Modern scholarship still leaves unsolved the question as to whether alchemical treatises should be
classified as mystical, magical, or simply primitively chemical. The most reasonable view is, in my
opinion, not to place them exclusively in any one category, but to assume that all these objects at one
time formed in varying proportions the preoccupation of different alchemists. Or, better still, that
different alchemists became attracted to different interpretations or levels of the art. There is no doubt
that by some writers alchemy was interpreted in a categorical and literal sense - that is, as a chemical
means whereby the baser metals could be transformed and made precious. There is a vast body of
testimony to this end, evidence which cannot be made to yield any interpretation other than a physical
and chemical one. On the other hand, there are certain alchemistical philosophers to whom it would be
impossible to impute any other interest than a mystical or religious one.
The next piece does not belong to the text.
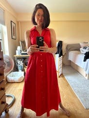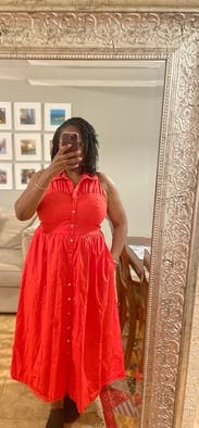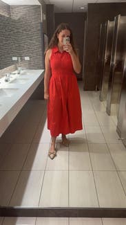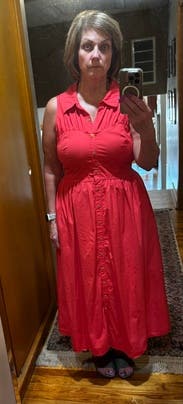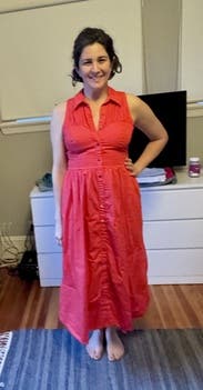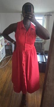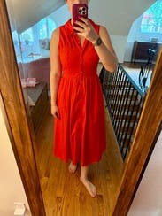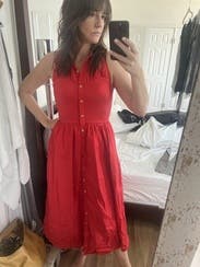 Got a lot of compliments on this one. Fit well on me but would size up since the top was a little tight. I like that the buttons aren’t “real” to avoid gaping. Only qualm is the skirt is unnecessarily lined which doesn’t help when it’s really hot out

Alchemy is also called Hermeticism. Hermes, from the mythological standpoint, is the Egyptian
god both of Wisdom and Magic - which concepts include therapeutics and physical science as then it
was known. All these subjects may, therefore, claim just inclusion within the scope of the significance
of the terms Alchemy and Hermetic subjects.
It cannot be doubted in any way that such writers as Robert Fludd, Henry Khunrath, and Jacob
Boehme aspired to and wrote of spiritual perfection, a state or mystical condition which was
represented to them by the Stone of the Philosophers. With this idea I shall deal at some length in
succeeding pages. It is equally certain that the first consideration of Paracelsus, for example, was the
cure of disease and the prolongation of life. At the same time his greatest achievements appear to most
modern thinkers to have been his discoveries of opium, zinc, and hydrogen. We tend, therefore, to think
of him as a chemist no less than we do Van Helmont, whose conception of gas ranks him as one of
those rare geniuses who have increased human knowledge by a fundamentally important idea.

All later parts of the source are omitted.